Downtime

Sorry.

Freaking hardware. We now have all new everything for this server - but the hard drive thank god.

Chet

what exactly happened? am curious to know

happened to oesm.org recently (as of a few days ago)…hard drive corruption. bad news. heh (nothing was lost, but you should have seen the rant the sysop made in his apology speech)

I was just guessing it was a DOS attack from one of our “gently touched” members.

(For extra credit, try to construct a sentence using the phrase “gently touched member” that’s acceptable in polite company.)

You may have noticed that sometimes around 4-5pm this server would not be quite as peppy as normal. This was the busy time for the server. So we thought, lets add some RAM so it smooths out. The server is hardly packed and run fines except for these periods - and even during these periods most days you can’t notice it.

Scheduled a RAM installation. Was told it would happen late in the evening, take less than 5 minutes.

Instead they chose to do it in the middle of the day and pooched the PC. So they replaced parts and servers, moving the harddrive around. It was still having isssue.

This was compounded by the fact that they were lightly staffed because of the holidays, so each step was delayed and they would do something, start the reboot and go on to another pc, coming back to check a little later instead of just sitting at that PC like they normally do.

The PC was still not seeing the NIC card, then we remembered that this was a PC we had upgraded the same as another PC, that had an issue with not having the IPs bound to the nic after the upgrade. it was just odd with this PC since we had rebooted it and this issue never surfaced, seems a hard turning off and on did bring up the problem.

So we alerted them of our guess of the issue, and they proceeded to fix it.

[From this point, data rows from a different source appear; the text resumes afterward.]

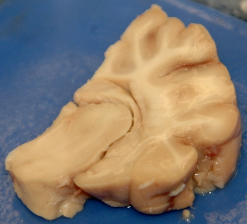 Slice E is the most posterior slice. We can tell that this slice is posterior because of the appearence of the fornix. Once the fornix appears, what was the caudate becomes to thalamus. The hippocampus also appears. Corpus Callosum | Thalamus | Fornix | Hippocampus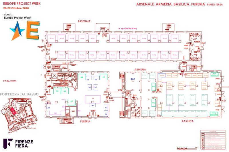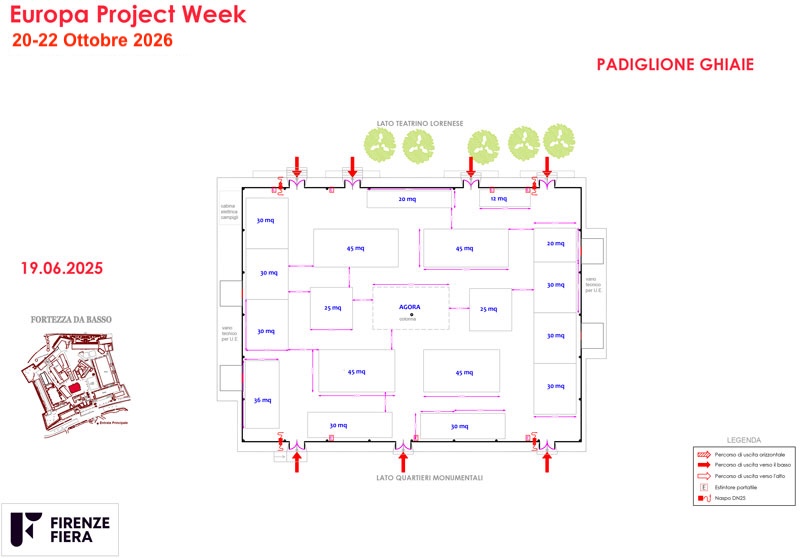 La mappa di EUPW 2026 negli spazi della Fortezza da Basso – Firenze Fiera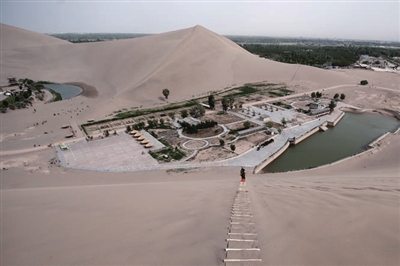 古丝绸之路重镇敦煌由于天然资源被过度开发、植被退化及湿地萎缩等问题,严重威胁当地生态,其著名景区月牙泉已经出现干涸危机。2001年,敦煌市不得不征地300多亩,在月牙泉附近修建了两座渗水池,每年从党河水库引600多万立方米水,对月牙泉进行渗灌补水,以维持水位。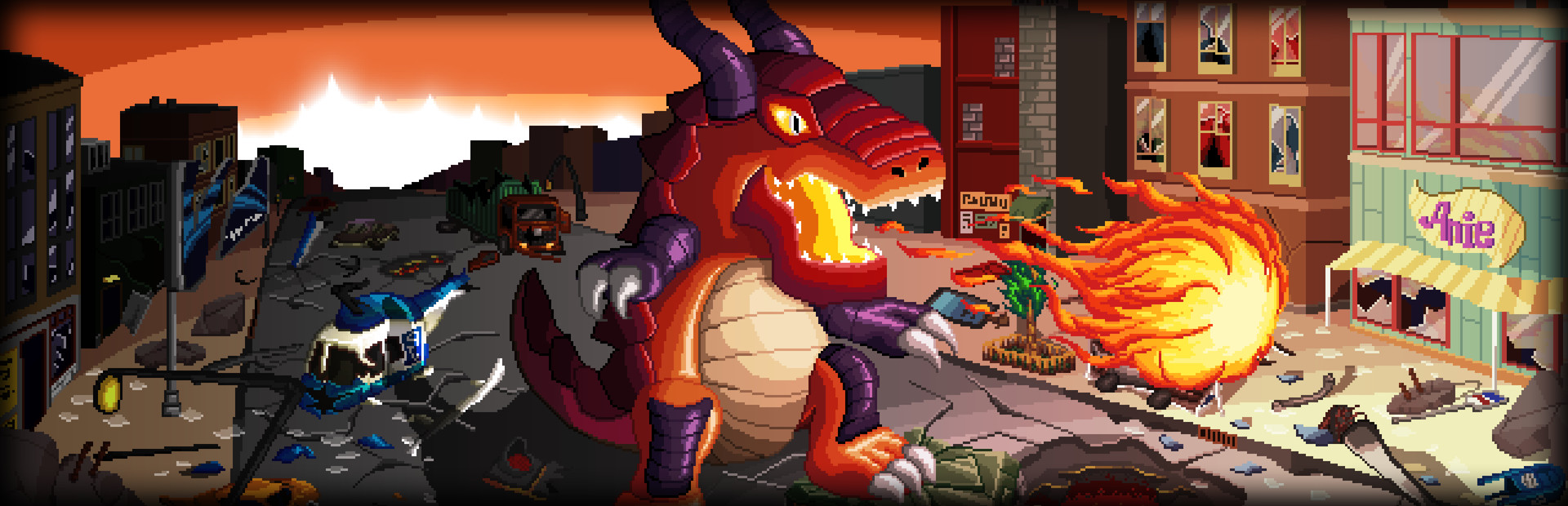 Become a customizable giant monster with manifold skills in Gigapocalypse, inspired by classical Kaijū movies such as “Godzilla” and “King Kong” and the game classic “Rampage”.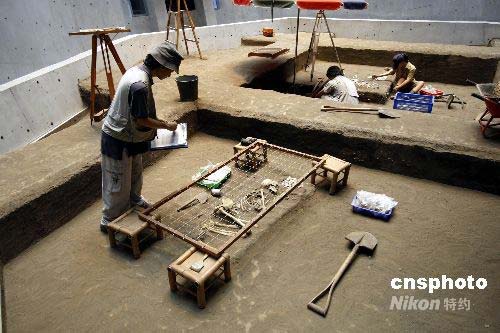十三行博物館位于臺北縣八里鄉淡水河?诮唤缣幍哪习,面積約為62500平方公尺,在1989至1992年間,因為在遺址上興建八里污水處理廠,引發附近居民以及學者抗議。在社會輿論的聲援下,當局一邊開挖古物、一邊興建污水處理廠,最後在廠內保留出一塊古跡保護區,并在污水處理廠旁建造十三行博物館,保存出土文物。 1957年地質學者林朝綮在這里發現史前的煉鐵遺跡,同時亦發現許多史前陶片、石支腳與凹石等,因而判斷此處為史前遺址,并依據該地地名將它定名為十三行遺址。十三行人是目前臺灣唯一確定擁有煉鐵技術的史前居民,可能是臺灣平埔族凱達格蘭人的祖先。十三行文化屬于北臺灣地區的金屬器時代,時間大致從2300年前開始,到漢人進入本地區之后才結束。圖為重現當年考古發現的場景。中新社發 杜洋 攝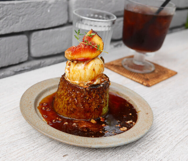 ピスタチオのプリンの上にはアイスとイチジクが乗ってます。

We have 10 servers, and this was the longest straight downtime we have had in the over a year of hosting, all but one other server have just had the down time of patches being installed. The other server with issues was replaced within 12 hours of the problem and only had about 2 hours of downtime. So this officially falls under shit happens - and it sucks when it happens without a full staff around.

Chet

I think the clock has been further screwed. It has gone from being 20-30 mins. off to several hours off. For me at least.

Me too.

Yes, we noticed that as well. Out of or checklist of things we follow, we didn’t have time listed - because we have never had a complete box replacement. And since the list was only used once previously, it was pretty hypothetical.

The time will be adjusted later this evening/morning when traffic is the lightest and it will make the least impact.

Thanks

Chet

Whew! I thought I was going to have to quit posting here.